Critical accounting policies are those that are important to the portrayal of the Company’s financial condition and results, and which require management to make difficult, subjective and/or complex judgments. Critical accounting policies cover accounting matters that are inherently uncertain because the future resolution of such matters is unknown. We have made critical estimates in the following areas:
 
Revenues. We perform a multitude of services for our clients, including film-to-tape transfer, video and audio editing, standards conversions, adding effects, duplication, distribution, etc. A customer orders one or more of these services with respect to an element (commercial spot, movie, trailer, electronic press kit, etc.) The sum total of services performed on a particular element (a “package”) becomes the deliverable (i.e., the customer will pay for the services ordered in total when the entire job is completed). Occasionally, a major studio will request that package services be performed on multiple elements. Each element creates a separate revenue stream which is recognized only when all requested services have been performed on that element.
 
Allowance for doubtful accounts. We are required to make judgments, based on historical experience and future expectations, as to the collectibility of accounts receivable. The allowances for doubtful accounts and sales returns represent allowances for customer trade accounts receivable that are estimated to be partially or entirely uncollectible. These allowances are used to reduce gross trade receivables to their net realizable value. The Company records these allowances as a charge to selling, general and administrative expenses based on estimates related to the following factors: i) customer specific allowance; ii) amounts based upon an aging schedule and iii) an estimated amount, based on the Company’s historical experience, for issues not yet identified.
 
Valuation of long-lived and intangible assets.

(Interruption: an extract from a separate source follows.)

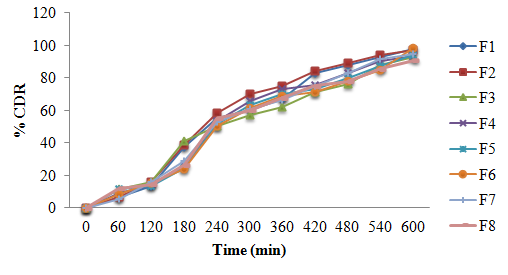 The in vitro dissolution studies of all eight formulations (F1 to F8) of TFGSM-based mucoadhesive microspheres of diclofenac sodium using a dissolution tester USP (Electrolab, TDT-08L), basket method in 900ml of pH 1.2 for 2h and pH 7.4 for 8 h at 37°C and 50rmp. At each time interval, 10ml of each formulation was taken and UV absorbance was recorded. The formulations exhibits a percentage cumulative drug release (CDR, %) in the range of 88.50% to 97.70% and was found that in formulations with decreasing ratio of TFGSM was higher. It was found that diclofenac sodium release from these microspheres in pH 1.2 was slow, less than 15.90% after 2h. This event might be due to shrinkage of alginate at acidic pH as alginate is known to be pH sensitive.23,24 In comparison, the drug release was observed to be more rapid in phosphate buffer, due to higher swelling rate of these microspheres in phosphate buffer. F6 showed the highest CDR (%) of 98.50%. The in vitro drug release of all formulations F1 to F8 is shown in Figure 1.
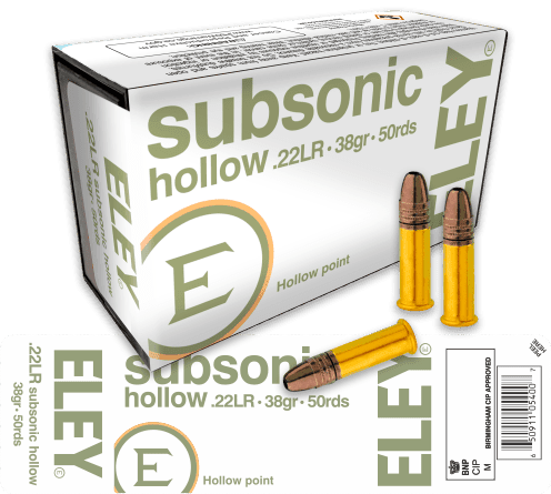 ELEY subsonic hollow is a hunting cartridge with target shooting accuracy and reduced velocity, offering a quieter muzzle report compared to other .22LR hunting rounds.

Long-lived assets, consisting primarily of property, plant and equipment and intangibles (consisting only of goodwill), comprise a significant portion of the Company’s total assets. Long-lived assets, including goodwill are reviewed for impairment whenever events or changes in circumstances have indicated that their carrying amounts may be recoverable. Recoverability of assets is measured by comparing the carrying amount of an asset to its fair value in a current transaction between willing parties, other than in a forced liquidation sale. Fair value was estimated by an independent appraisal of the value of the Company.
 
Factors we consider important which could trigger an impairment review include the following:
 
 
·
Significant underperformance relative to expected historical or projected future operating results;
 
 
·
Significant changes in the manner of our use of the acquired assets or the strategy of our overall business;
 
 
·
Significant negative industry or economic trends
 
 
·
Significant decline in our stock price for a sustained period; and
 
 
·
Our market capitalization relative to net book value.
 
When we determine that the carrying value of intangibles, long-lived assets and related goodwill and enterprise level goodwill may not be recoverable based upon the existence of one or more of the above indicators of impairment, we measure any impairment based on comparing the carrying amount of the asset to its fair value in a current transaction between willing parties or, in the absence of such measurement, on a projected discounted cash flow method using a discount rate determined by our management to be commensurate with the risk inherent in our current business model. Any amount of impairment so determined would be written off as a charge to the income statement, together with an equal reduction of the related asset. Net intangible assets, long-lived assets and goodwill amounted to approximately $20.5 million as of September 30, 2007.
 
In 2002, Statement of Financial Accounting Standards (“SFAS”) No.142, “Goodwill and Other Intangible Assets” (“SFAS 142”) became effective and as a result, we ceased to amortize approximately $26.3 million of goodwill in 2002 and an annual impairment review thereafter. The initial test on January 1, 2002 and the Fiscal 2002 to 2006 tests performed as of September 30 of each year required no goodwill impairment. In the 2006 test performed as of December 31, 2006, we determined the fair value of the enterprise by independent appraisal. If future appraisals or future performances are affected by the factors cited above, resulting potential impairment could adversely affect the reported goodwill asset value and earnings.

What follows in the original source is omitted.